The station signed off for the last time in September 1996.

===WRR 101.9 (1996-2009)===
In September 1996, DWRR relaunched as WRR 101.9, a mainstream pop station, and became the first FM station to broadcast entirely in Filipino to compete with English-language rivals such as GMA Network's Campus Radio 97.1 WLS, Magic 89.9 and 99.5 RT. Prior to this, all FM stations were English-based. By the end of the year, all ABS-CBN FM stations had switched to native languages. WRR 101.9's initial slogan was All the Hits, All the Time!

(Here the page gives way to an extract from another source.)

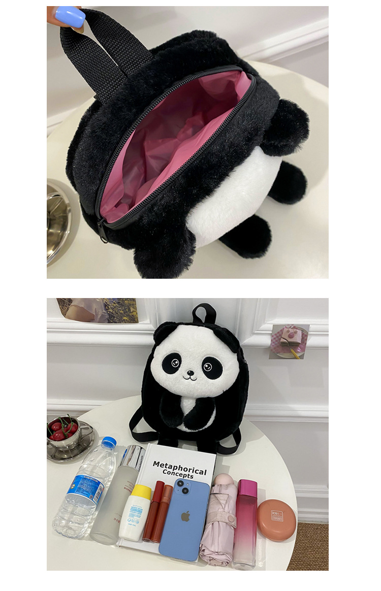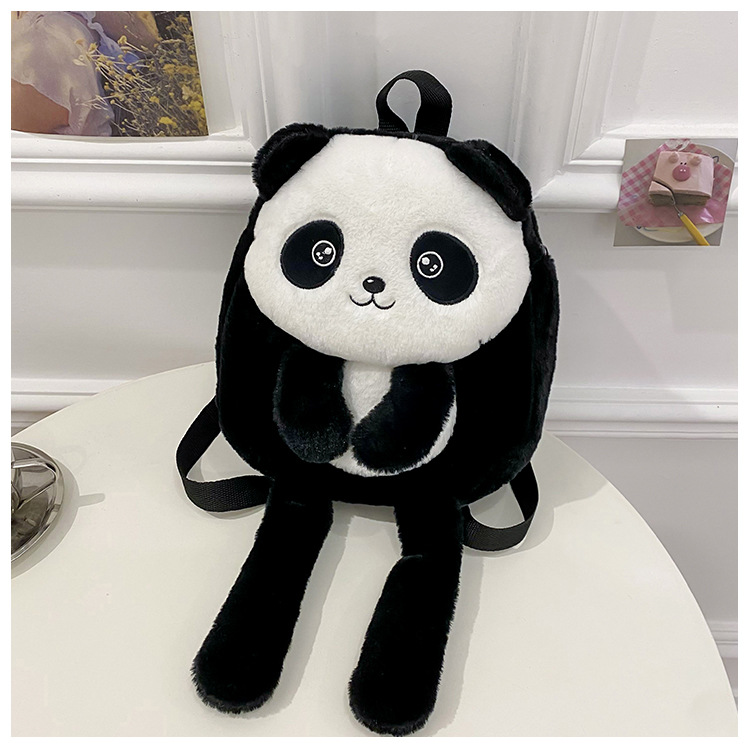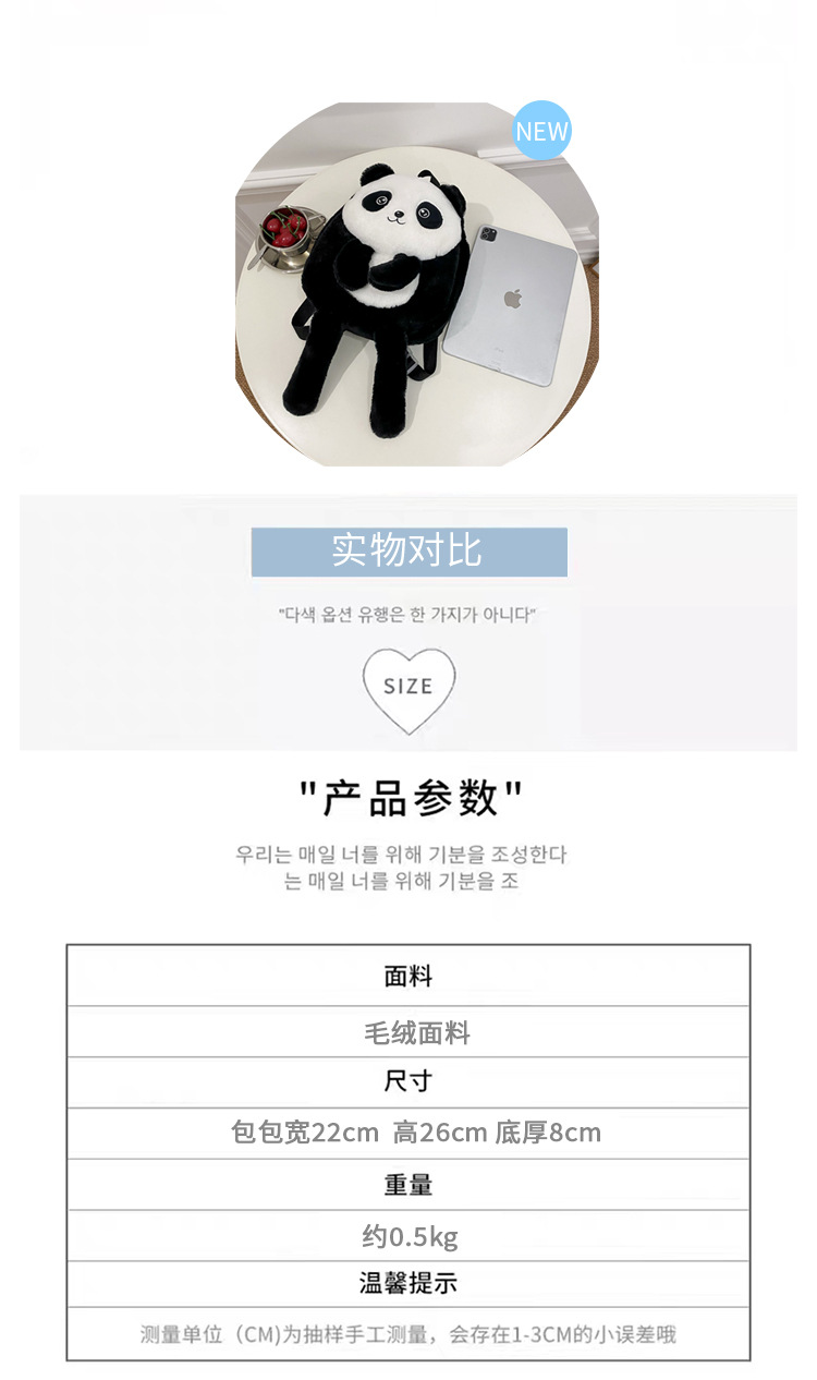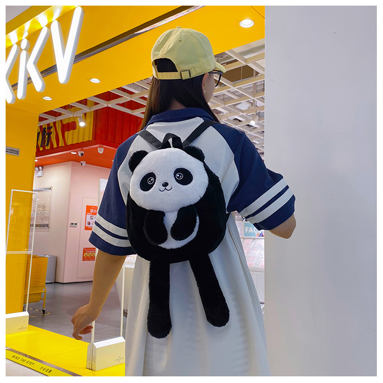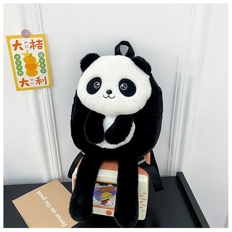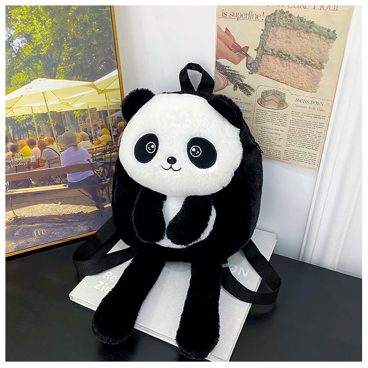 新款网红大容量双肩包立体熊猫单肩斜跨包可爱卡通毛绒包包女批发 投诉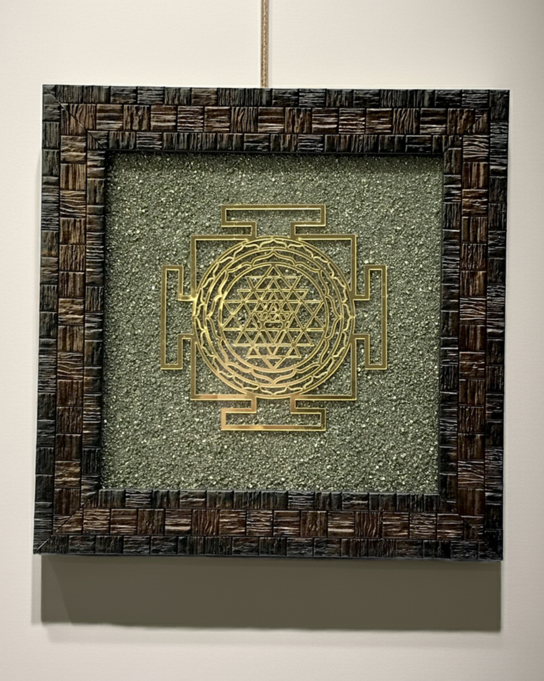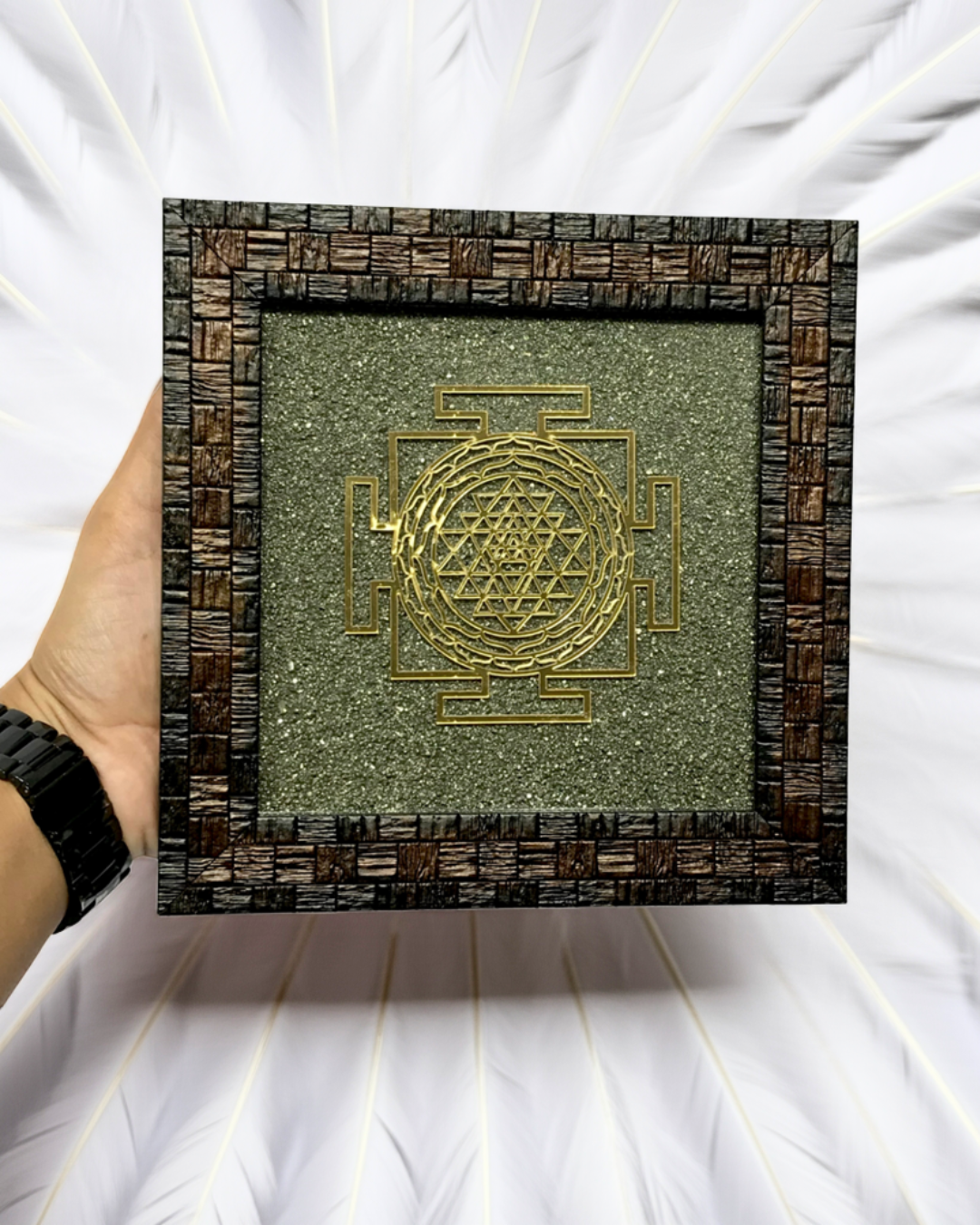 Combined Benefits: Shree Yantra + Pyrite Dust Frame:

On November 2, 1998, it adopted the tagline For Life! (borrowed from its Cebu counterpart), emphasizing the station's role in enhancing listeners’ daily lives.

In late 1999, the station moved its transmitting equipment from the ABS-CBN Broadcast Center to a new tower at the Eugenio Lopez Center in Antipolo, in line with the upgrade of the Millennium Transmitter.

In July 2005, the WRR brand was dropped and the station introduced the slogan Alam Mo Na 'Yan! (You Already Know It!). This was later replaced by Bespren! (Best friend!) in November 2008.

On September 19, 2009, the station aired its final broadcast under the 101.9 For Life! brand before transitioning to automated music for a planned rebrand on October 1, 2009. However, due to Typhoon Ondoy (Ketsana), the relaunch was delayed by a month. During this time, the station temporarily went by ABS-CBN 101.9 FM or simply 101.9 and resumed live DJ spiels without any branding or slogans.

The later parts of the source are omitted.